雪傲在看到它的瞬间就知道了。
不是通过形状,不是通过大小,而是通过血脉,它体内那股滚烫的天狗血脉,在看到这具遗骸的那一刻,突然安静了下来。
不是消失了,是安静了。
像一个流浪了很久的孩子,终于回到了家,看到了父亲的脸,他不需要说话,不需要哭,不需要做任何事,他只是安静地站在那里,看着。
天狗的遗骸比之前看到的任何一具凶兽遗骸都要大。
它的身形像犬,四肢修长有力,骨骼粗壮如百年老树的树干。
它的头骨很长,吻部突出,犬齿的位置是两根巨大的獠牙,从上颚一直垂到下颚以下,尖端锋利如矛。
它的眼眶很大,眼眶的上方有一道凸起的骨脊,像眉毛一样横亘在眼睛上面,给它那张已经只剩骨头的脸增添了一种威严的、不可冒犯的神情。
它的脊椎从头部延伸到尾部,一节一节地隆起,像一条蜿蜒的山脊。
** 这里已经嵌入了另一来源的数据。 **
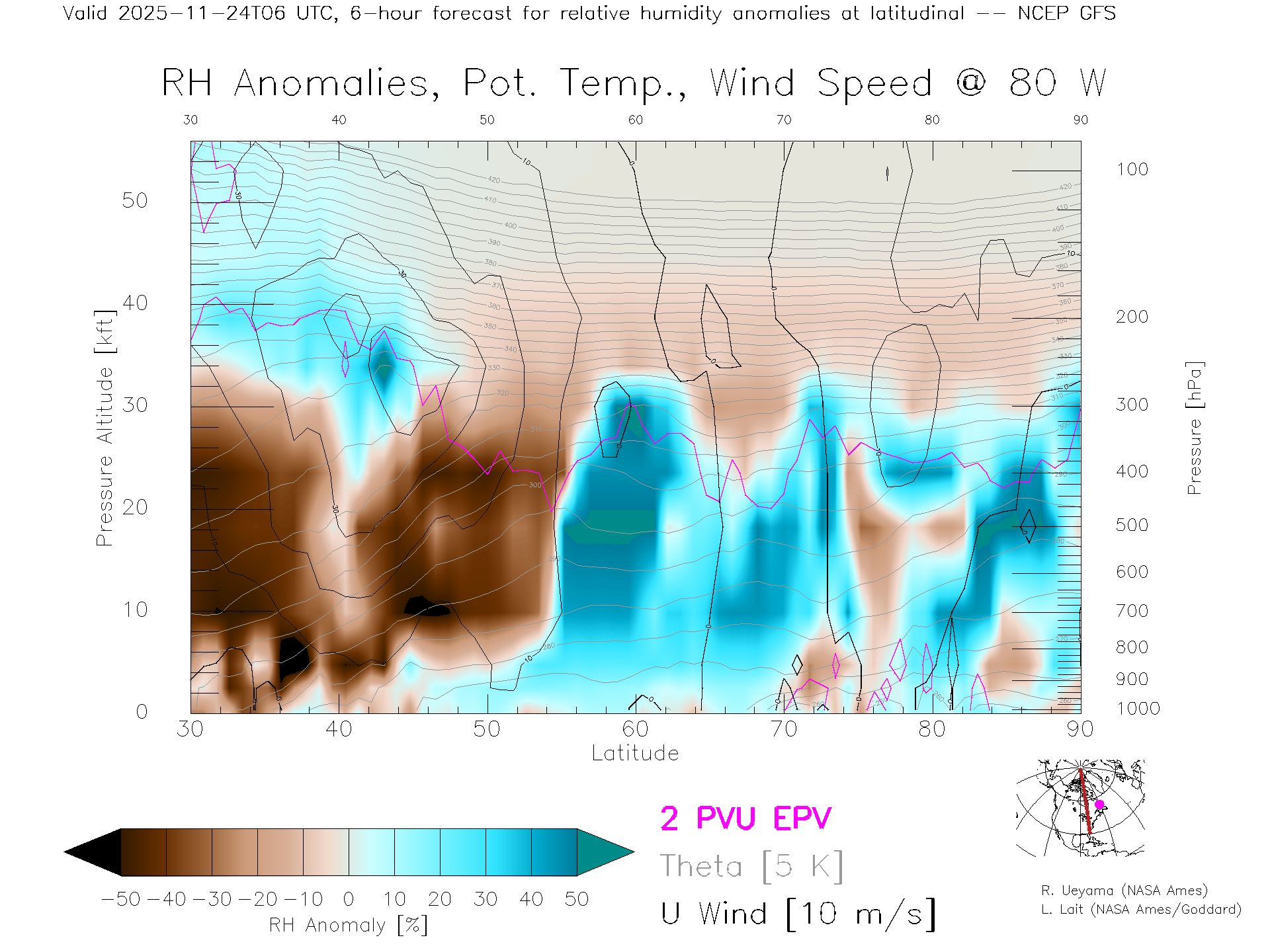 NCEP GFS Forecast Rel. Hum. X-Section (80 W)
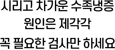 수족냉증은 진단명이 아니라 환자의 증상이기 때문에 원인을 찾는 검사가 반드시 필요하다. 가장 흔한 원인은 혈액순환장애이지만 이상감각을 느끼게 하는 말초신경 질환, 체온을 떨어뜨리고 대사장애를 일으킬 수 있는 갑상선 질환, 자가면역장애로 인한 류머티즘성 질환, 경추와 요추의 협착증이나 디스크 등도 수족냉증의 원인 질환일 수 있다. 하지만 모든 질환을 감별하기 위해 각 질환에 해당되는 검사를 다 할 수는 없기 때문에 진찰을 통해 의심할 만한 원인부터 검사를 진행하는 것이 좋다.
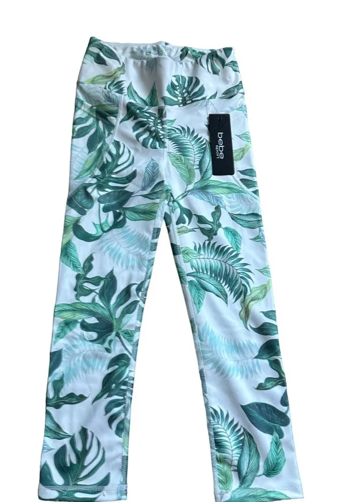 BEBE Sport Palm Leaf Tropical Crop Leggings size S are new with tags. They feature a vibrant tropica... Show more
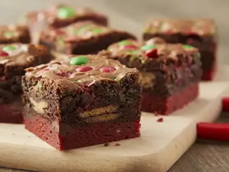 These festive triple-layer brookies combine a red-tinted sugar cookie base, Golden Oreo cookies, and fudgy brownie top studded with colorful M&Ms. Perfect for holiday parties and gift-giving, these indulgent bars offer three distinct textures in every bite. The cookie base provides structure while the Oreos add crunch and the brownie layer brings rich chocolate flavor. The red food coloring gives a subtle holiday touch that pairs beautifully with the green and red candies on top.
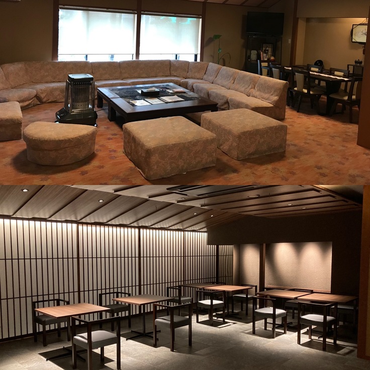 2)ロビーとしてお使いいただいていたところを椅子テーブル席のお食事スペースに
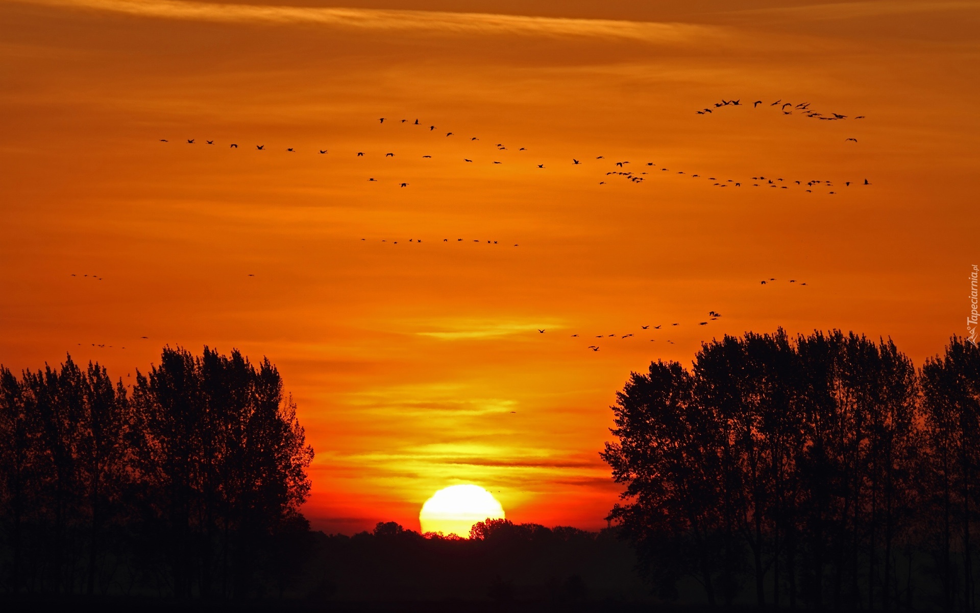 Edytor tapety: Zachód Słońca, Niebo, Klucz, Ptaków, Drzewa
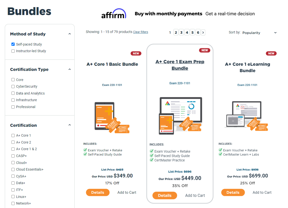 Certification Bundles (New): Similar bundle offerings across many certifications can be represented on the same page without confusion.
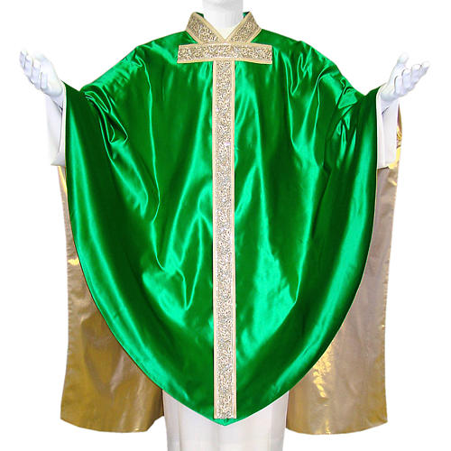 Medieval Chasuble in pure silk with gold silk lining. Available in the 4 liturgical colors. This Medieval chasuble is made in Italy in a workshop that has years of experience producing beautiful, high quality traditional products.
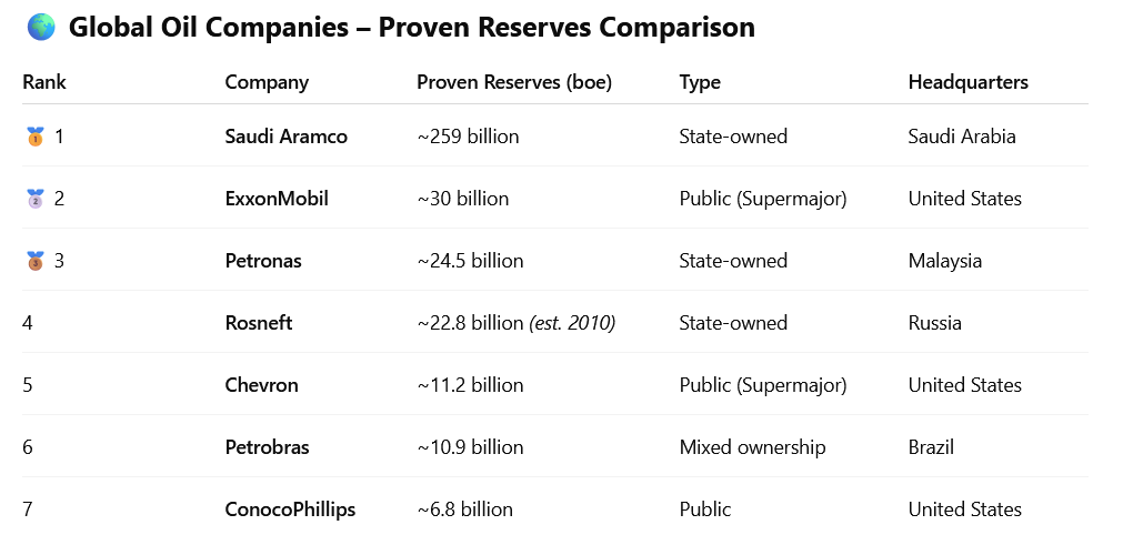 Its proven reserves of 10.921 billion barrels place it in the global top 10 among oil companies.

尾骨很长,拖在地上,在黑色的岩石上划出了一道浅浅的沟痕。
最引人注目的是它的嘴。
天狗的嘴张着,上下颚之间的角度大得惊人,像是一条蛇在吞食比它大得多的猎物。
那两根獠牙在张开的嘴中显得格外醒目,像两把倒悬的匕首。
雪傲站在天狗的头骨前面,仰头看着那张张开的嘴,忽然想起了一个传说,天狗吞日。
传说中,天狗张开嘴,能把太阳吞进去。
它一直以为那只是一个传说,一个关于凶兽夸张的不可信的故事。
但此刻,站在天狗的遗骸前面,看着那张能装下一座房子的嘴,它觉得那个传说也许是真的。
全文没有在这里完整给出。